**Supplied records:**
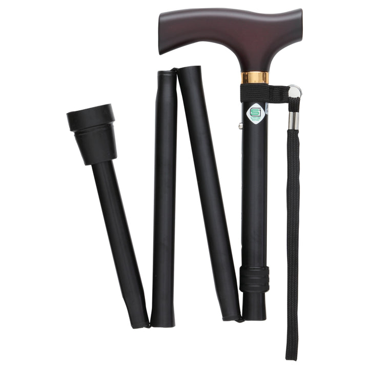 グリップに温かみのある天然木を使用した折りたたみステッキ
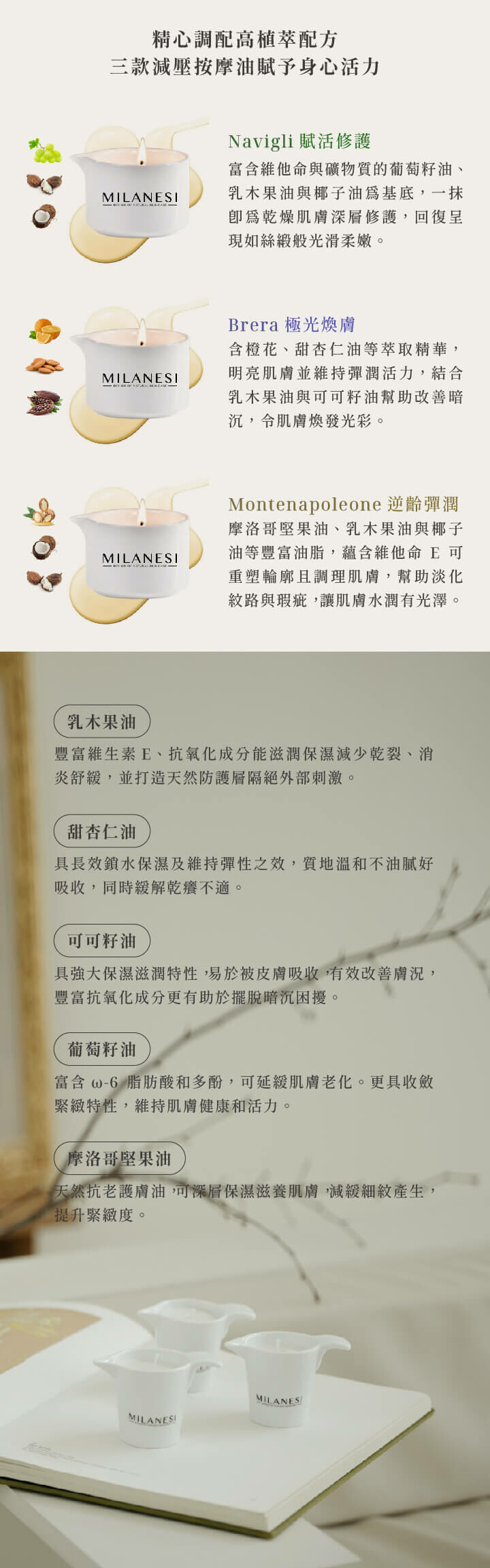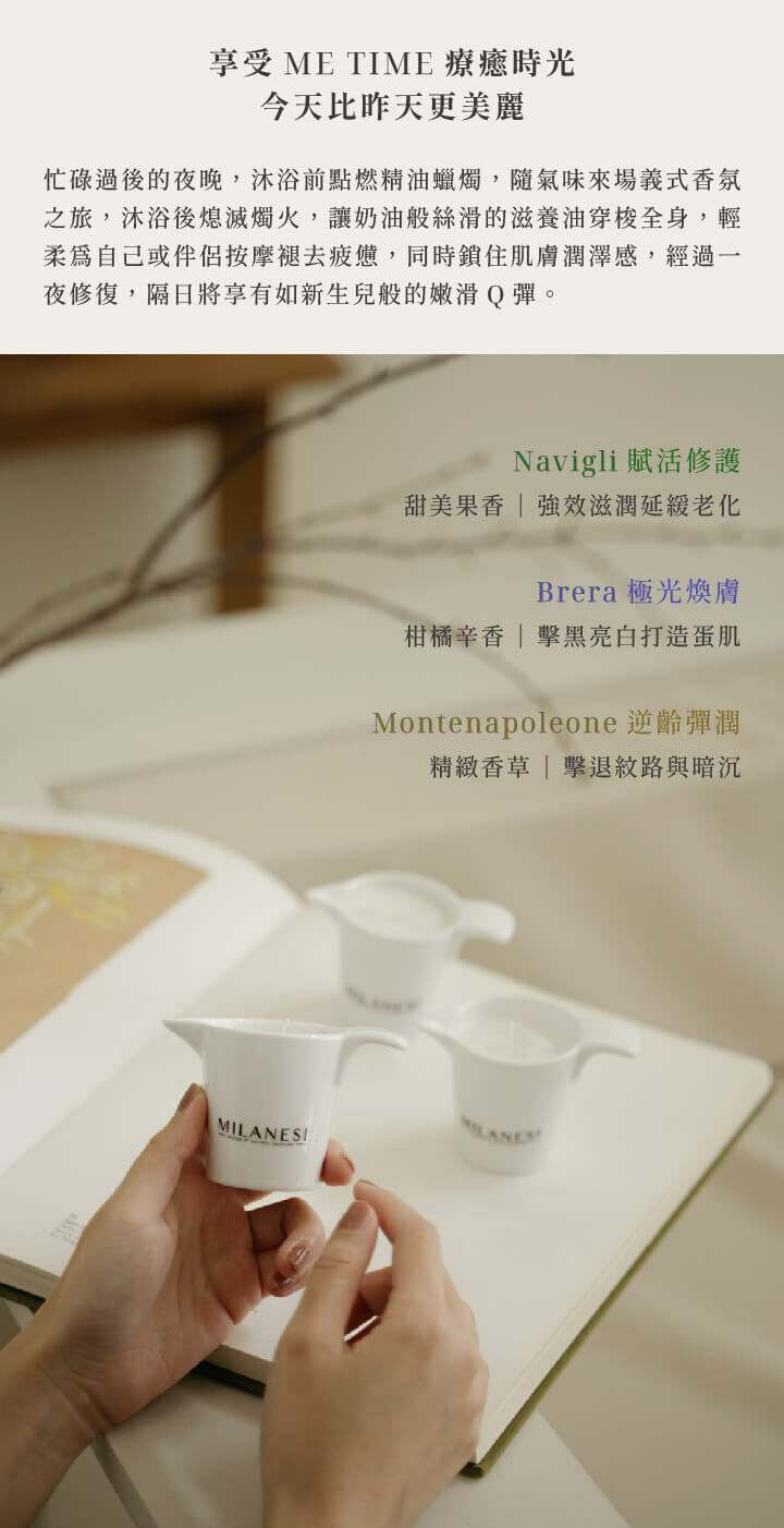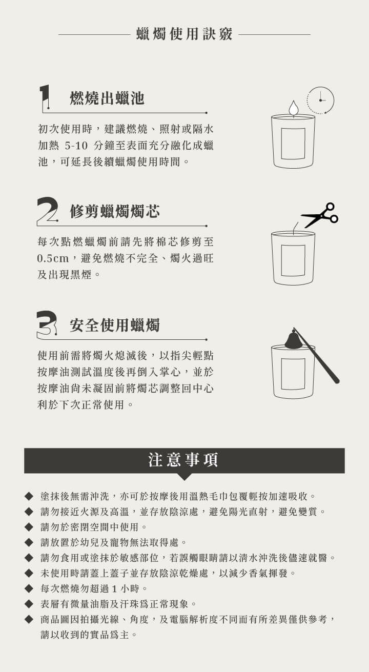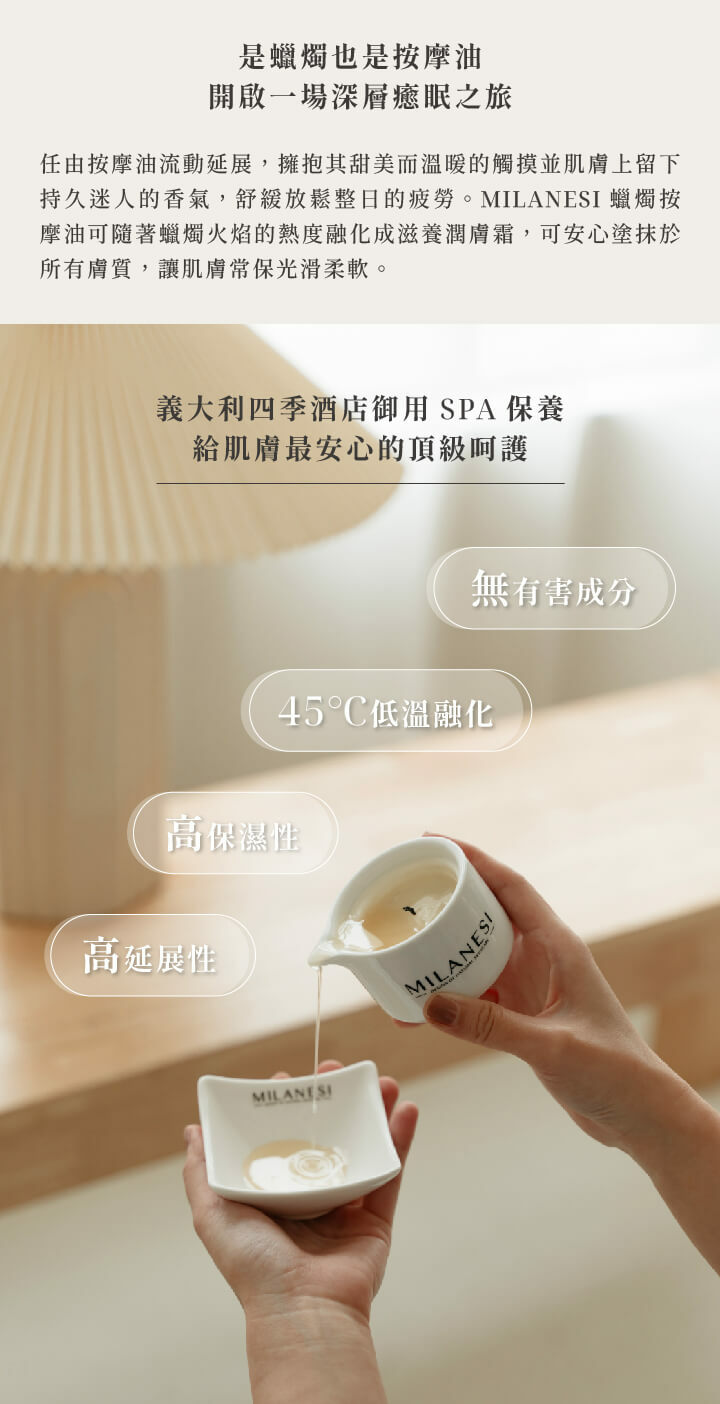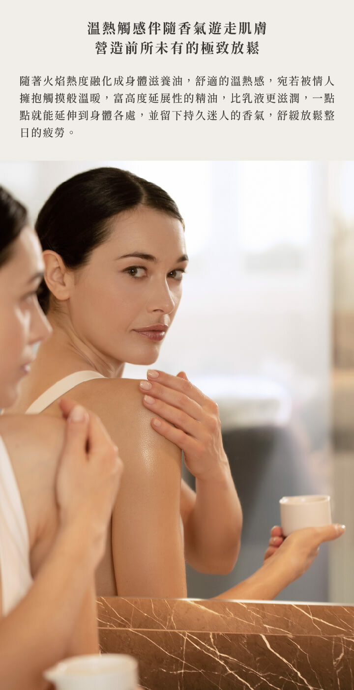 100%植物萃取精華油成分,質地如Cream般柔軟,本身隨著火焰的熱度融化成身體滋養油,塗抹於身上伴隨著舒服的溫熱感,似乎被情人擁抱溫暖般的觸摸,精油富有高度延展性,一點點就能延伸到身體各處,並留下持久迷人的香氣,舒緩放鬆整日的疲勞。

==

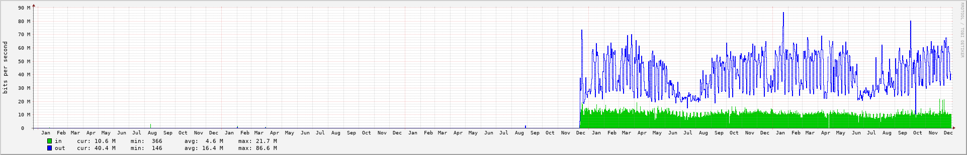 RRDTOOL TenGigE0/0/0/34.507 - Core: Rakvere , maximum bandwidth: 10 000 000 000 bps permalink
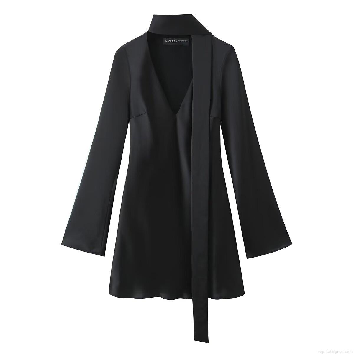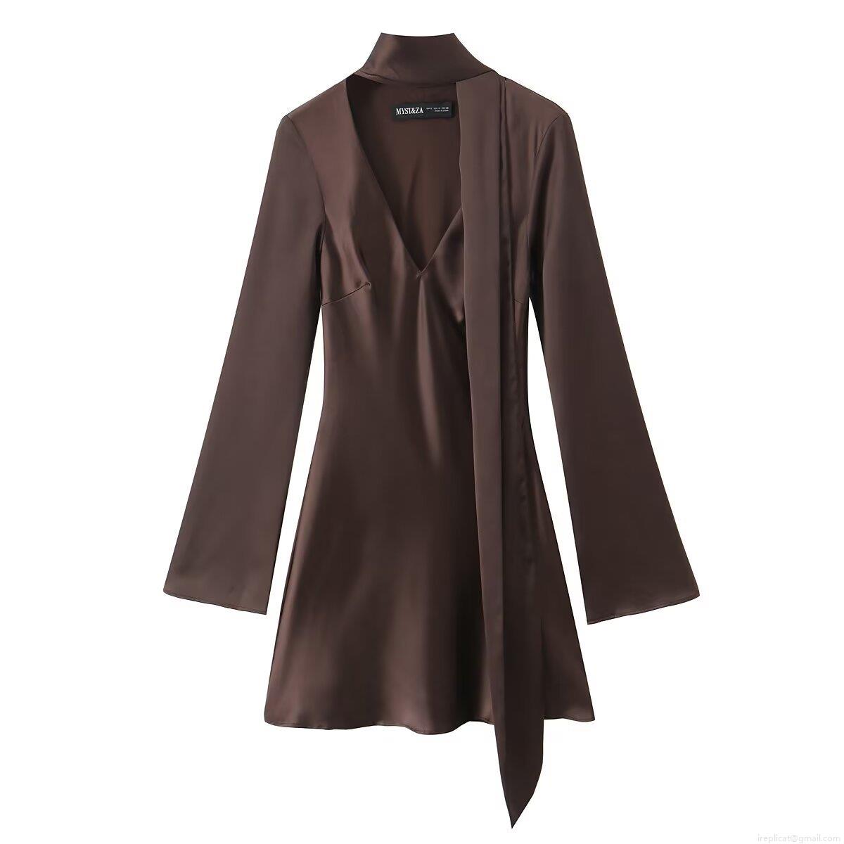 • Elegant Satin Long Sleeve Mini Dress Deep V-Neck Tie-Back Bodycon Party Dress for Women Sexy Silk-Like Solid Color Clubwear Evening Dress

* * *

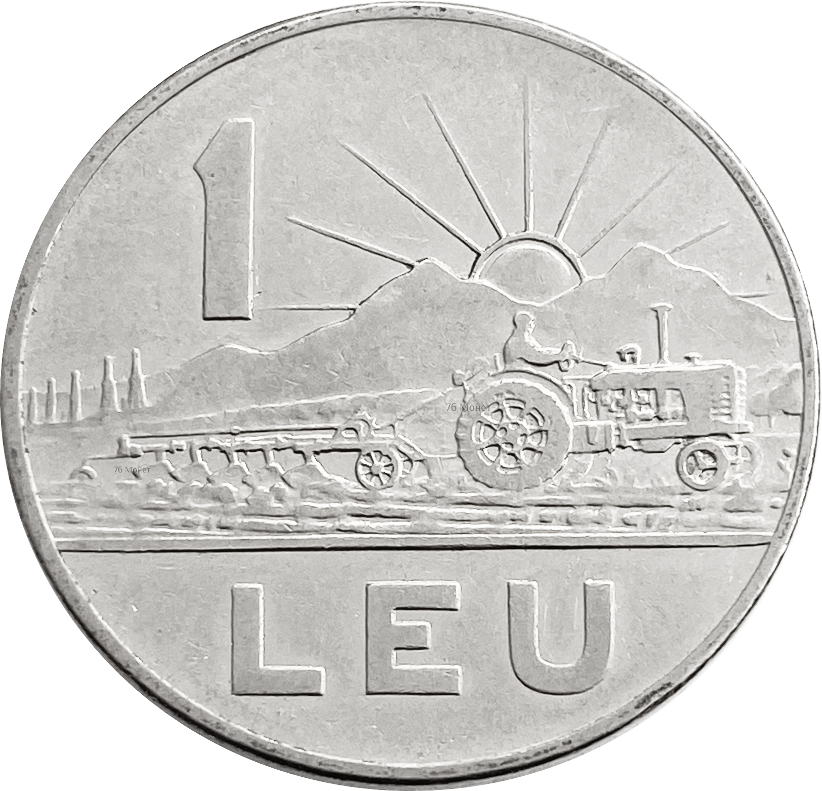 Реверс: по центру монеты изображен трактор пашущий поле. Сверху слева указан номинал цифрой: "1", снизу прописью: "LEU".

**Exercise requirements:**
Using the entries above, reproduce word for word only the lines from the one that contains "RRDTOOL TenGigE0/0/0/34.507 - Core: Rakvere" to the one that contains "Clubwear Evening Dress", both ends included, and drop every picture.

**Written solution:**
 RRDTOOL TenGigE0/0/0/34.507 - Core: Rakvere , maximum bandwidth: 10 000 000 000 bps permalink
 • Elegant Satin Long Sleeve Mini Dress Deep V-Neck Tie-Back Bodycon Party Dress for Women Sexy Silk-Like Solid Color Clubwear Evening Dress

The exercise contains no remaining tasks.